To go immediately from a PADI Open Water/Advanced course to surveying cryptic invertebrates is not an easy task, it’s something that we spend weeks of intensive training on for volunteers and interns. To do it without any expert advice is incredibly difficult, and yet to some extent, that is what the 5 people we have been working mostly with have done.
That is not to say there haven’t been challenges! There have been moments where we have assumed too much and equally where we have assumed too little; frustrating moments where we didn’t really know what was happening at all; there have been weights dropped on heads, missing equipment, four vehicle break downs, drowned electronics, and a frankly outrageous amount of snacks.
But here we are approximately 6 weeks after the first round of training, in which we looked out at some slightly confused and worried faces – largely to do with my penchant for too much information. But the change after those six weeks has been remarkable. We started with a team that had some skills with recognizing what they saw and how to record it, but perhaps not fully understanding all the finer points of the surveying, or the dive skills and the organization of it.
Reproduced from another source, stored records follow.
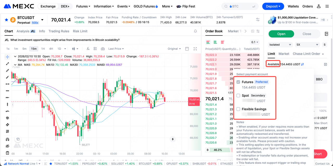 หากจำนวนเงินที่ต้องการสำหรับคำสั่งเกินยอดคงเหลือในบัญชีฟิวเจอร์ส ระบบจะใช้สินทรัพย์จากบัญชีอื่นที่คุณเลือกโดยอัตโนมัติ ระบบจะคำนวณจำนวนเงินที่ต้องการก่อน หากเลือกบัญชีออมทรัพย์แบบยืดหยุ่น ระบบจะไถ่ถอนสินทรัพย์โดยอัตโนมัติ หากเลือกบัญชีสปอต ระบบจะโอนสินทรัพย์โดยอัตโนมัติ หลังจากที่ตรงตามข้อกำหนดมาร์จินแล้ว ระบบจะดำเนินการสั่งซื้อเพื่อเปิดโพสิชันต่อไป
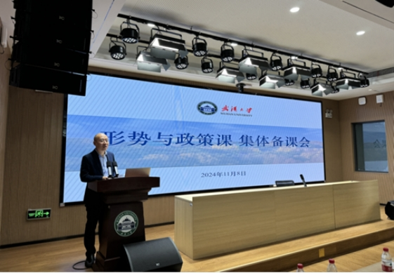 本网消息 11月9日上午,马克思主义学院组织教师赴武汉大学参加“形势与政策”课程集体备课会,进一步学习贯彻党的二十届三中全会精神、切实提高“形势与政策”课程质量。本次备课会由武汉大学形势与政策课程教研中心举办,武汉大学马克思主义学院副院长陈世锋出席备课会,武汉大学形势与政策课程教研中心田贵华主持。环球UG管理马克思主义学院副书记翟颖带领学院教学办负责同志、青年教师共8位参加备课会。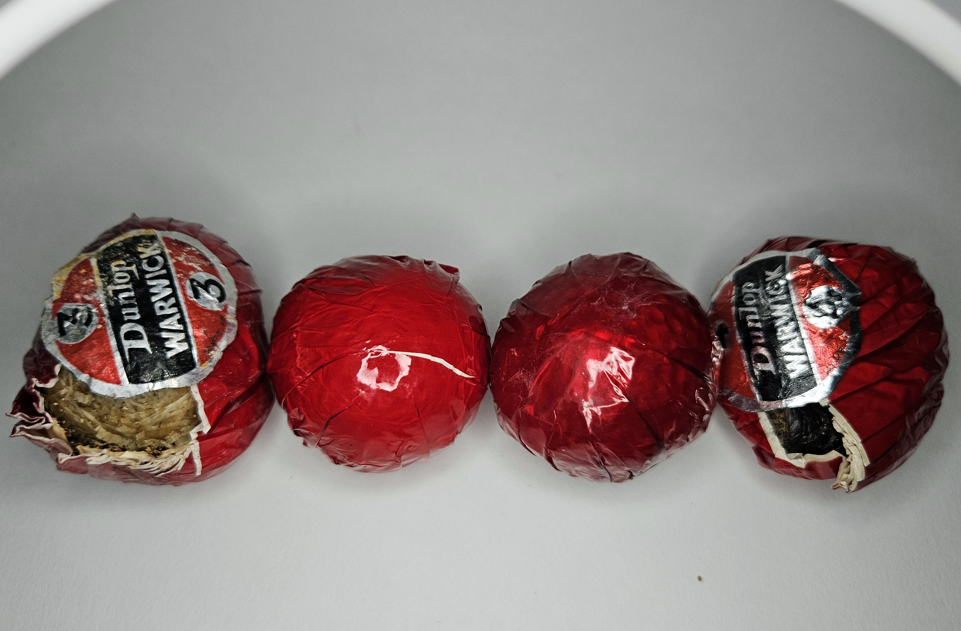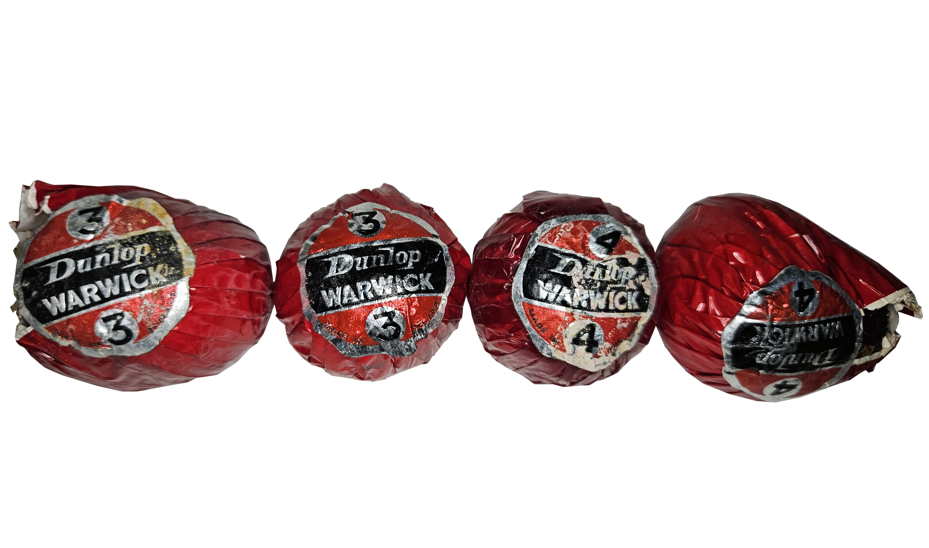 This is a grouping of four vintage Dunlop Warwick golf balls. Each one is in its original red wrapper with label. Two of the balls have deformed. Please refer to the photos.

But what we have now is a team that has military precision… on island time.
A team like that is great for us to see, but it goes well beyond how happy we are. That team is now more than capable to survey the province, that means ALL of the marine protected areas and the protected areas to be. That team is the embodiment of what we can achieve throughout the country, and, with a bit of practice, get along better at training along the way.
The bigger picture: if we were to disappear tomorrow, it would suck, but we would know that that local team, and the people that they may go on to train to be as efficient as them, will still be there, and the marine environment will still have skilled people looking after it. Actually, its better than that, there are skilled people, who are from the area, who have memories of the environment and are emotionally invested in it, looking after their home.